The two largest stock-photo companies in the world tried to become one. A regulator in London decided they could not, and both stocks are paying for it.
The deal is dead over one condition
Getty Images told investors it will terminate its planned merger with Shutterstock after July 6. The board decided it would not meet the one condition the UK Competition and Markets Authority set for approval.
That condition was a forced sale of Shutterstock's editorial business, the unit that owns Rex Features, Splash News, and Backgrid. The regulator said combining Getty and Shutterstock would leave UK media outlets with too few places to license news and celebrity images, and could push prices higher over time.
Getty looked at selling that unit and walked instead. The $3.7 billion combination announced in early 2025 is now off.
Shutterstock took the bigger hit
Shutterstock stock is down roughly 29% and trades near $10, a fresh 52-week low. Getty is off about 6% and now trades below $1 a share.
The split reaction makes sense once you look at the two balance sheets. Shutterstock is the healthier company. It earned about $45 million last year on revenue near $990 million, carries modest debt, and generates real free cash flow. It trades around 8 times trailing earnings and less than half its annual sales.
For Shutterstock holders, the merger was the exit. It offered a premium and a path into a larger, better-capitalized business. That escape hatch just closed, and the market repriced the stock as a small, slow-growing licensing company that has to compete alone.
Getty has a $628 million problem
Getty's stock fell less, but its situation is heavier.
Terminating the deal triggers a special mandatory redemption of $628 million in senior secured notes that carry a 10.5% coupon. Getty raised that expensive debt to help fund the combination. With no deal, it has to pay those bonds back and rethink how it finances the company.
The strain already shows in the numbers. Getty produced about $981 million in revenue last year but lost roughly $206 million, dragged down by $156 million in annual interest expense. That is a company where the cost of debt is eating a huge share of what the business earns. Losing the merger does not fix that. It moves the bill forward.

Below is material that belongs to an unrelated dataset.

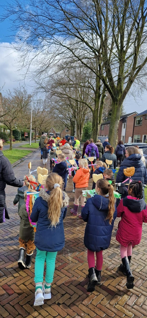 Alle kinderen, al dan niet geholpen door ouders en enkele oma’s, deden ontzettend hun best om er iets moois van te maken. Na een glas ranja en iets lekkers, kreeg iedereen een broodhaantje voor boven op de stok.

Getty also owes Shutterstock a breakup fee reported at as much as $40 million, one more cash cost at a moment when cash matters.
The reason they wanted to merge has not gone away
Strip out the regulatory fight and the logic behind this deal was simple. Both companies sell licensed images and video to businesses. Both face the same threat: text-to-image tools that can generate a usable picture in seconds for close to nothing.

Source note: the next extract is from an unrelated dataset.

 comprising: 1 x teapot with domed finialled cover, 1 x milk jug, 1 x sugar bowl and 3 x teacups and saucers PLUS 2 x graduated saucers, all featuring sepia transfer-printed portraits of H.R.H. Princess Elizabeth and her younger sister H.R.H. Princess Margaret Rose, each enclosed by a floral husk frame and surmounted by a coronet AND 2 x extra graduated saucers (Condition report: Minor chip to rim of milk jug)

Scale was the defense. A combined Getty-Shutterstock would have cut overlapping costs, pooled two of the largest image libraries on earth, and had more room to invest in its own AI tools and in licensing deals that pay contributors when their work trains a model. Together they had a case. Apart, each is a sub-$1 billion company trying to out-invest much larger AI labs.

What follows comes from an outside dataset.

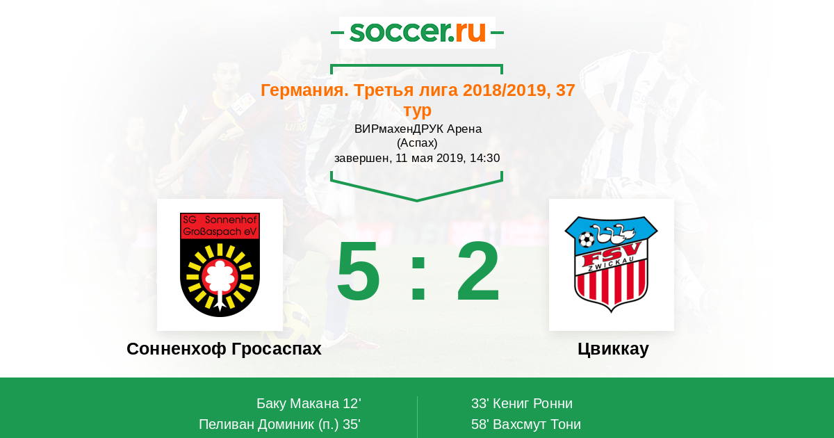 12' (1:0) Баку Макана (11) (Реттгер Тимо (18))

The demand that killed the deal, protecting competition in editorial licensing, points at the one corner of the market where these two still have pricing power. News and celebrity imagery is hard for a generative model to fake, because it has to be real and verifiable. That is the part regulators wanted kept competitive, and it may be the part of each business that holds up best.
What to watch from here
Shutterstock said it will lay out updated strategic plans with its second-quarter earnings. That is the next real catalyst. Investors will want to see whether management leans into the profitable, defensible editorial and data-licensing pieces or tries to chase growth it may not be able to fund.
Getty's tell is the balance sheet. Redeeming $628 million in 10.5% notes is a large move for a company its size, and how it refinances will say more about the stock than any single quarter of revenue. Watch for news on new financing terms and on whether Getty explores other buyers or partners now that the Shutterstock path is closed.
Two companies that decided they were stronger together now have to prove they can survive apart, in a market that is getting harder every quarter.